Problem details ::
Although the entries contain pictures, copy only their text, exactly as written.

======== Exercise data

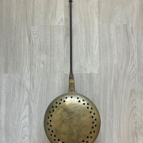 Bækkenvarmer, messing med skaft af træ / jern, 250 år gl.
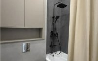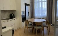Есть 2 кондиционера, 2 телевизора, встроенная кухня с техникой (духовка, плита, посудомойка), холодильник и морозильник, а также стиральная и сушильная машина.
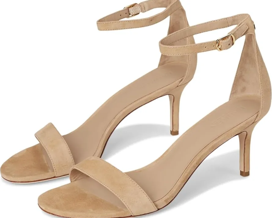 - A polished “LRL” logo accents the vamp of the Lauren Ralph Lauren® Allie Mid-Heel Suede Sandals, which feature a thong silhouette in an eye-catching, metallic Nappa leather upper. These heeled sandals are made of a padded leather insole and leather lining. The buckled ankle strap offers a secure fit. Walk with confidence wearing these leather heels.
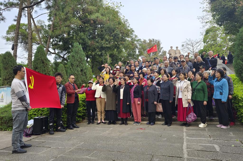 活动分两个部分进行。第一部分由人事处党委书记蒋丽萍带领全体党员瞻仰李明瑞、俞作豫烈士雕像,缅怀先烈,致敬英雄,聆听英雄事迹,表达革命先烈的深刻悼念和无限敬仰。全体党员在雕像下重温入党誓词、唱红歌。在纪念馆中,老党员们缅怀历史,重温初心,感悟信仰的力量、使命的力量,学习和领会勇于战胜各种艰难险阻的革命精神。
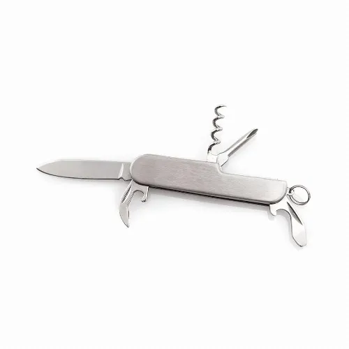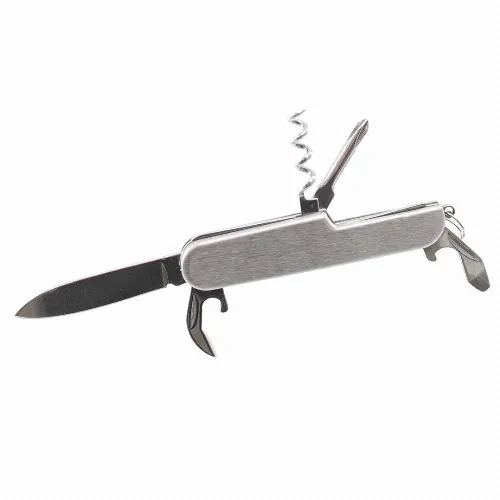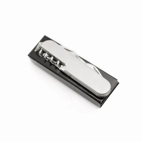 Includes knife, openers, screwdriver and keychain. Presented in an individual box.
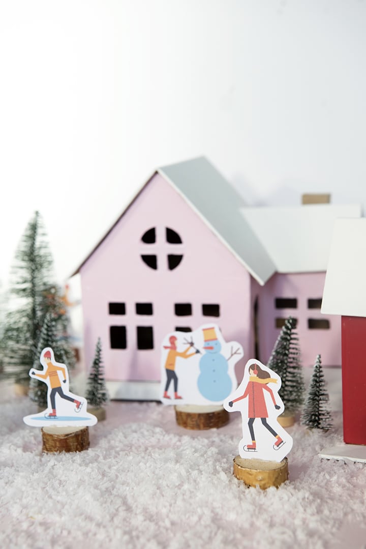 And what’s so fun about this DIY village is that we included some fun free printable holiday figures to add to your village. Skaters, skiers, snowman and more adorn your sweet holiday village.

================

Problem solution ::
 Bækkenvarmer, messing med skaft af træ / jern, 250 år gl.
Есть 2 кондиционера, 2 телевизора, встроенная кухня с техникой (духовка, плита, посудомойка), холодильник и морозильник, а также стиральная и сушильная машина.
 - A polished “LRL” logo accents the vamp of the Lauren Ralph Lauren® Allie Mid-Heel Suede Sandals, which feature a thong silhouette in an eye-catching, metallic Nappa leather upper. These heeled sandals are made of a padded leather insole and leather lining. The buckled ankle strap offers a secure fit. Walk with confidence wearing these leather heels.
 活动分两个部分进行。第一部分由人事处党委书记蒋丽萍带领全体党员瞻仰李明瑞、俞作豫烈士雕像,缅怀先烈,致敬英雄,聆听英雄事迹,表达革命先烈的深刻悼念和无限敬仰。全体党员在雕像下重温入党誓词、唱红歌。在纪念馆中,老党员们缅怀历史,重温初心,感悟信仰的力量、使命的力量,学习和领会勇于战胜各种艰难险阻的革命精神。
 Includes knife, openers, screwdriver and keychain. Presented in an individual box.
 And what’s so fun about this DIY village is that we included some fun free printable holiday figures to add to your village. Skaters, skiers, snowman and more adorn your sweet holiday village.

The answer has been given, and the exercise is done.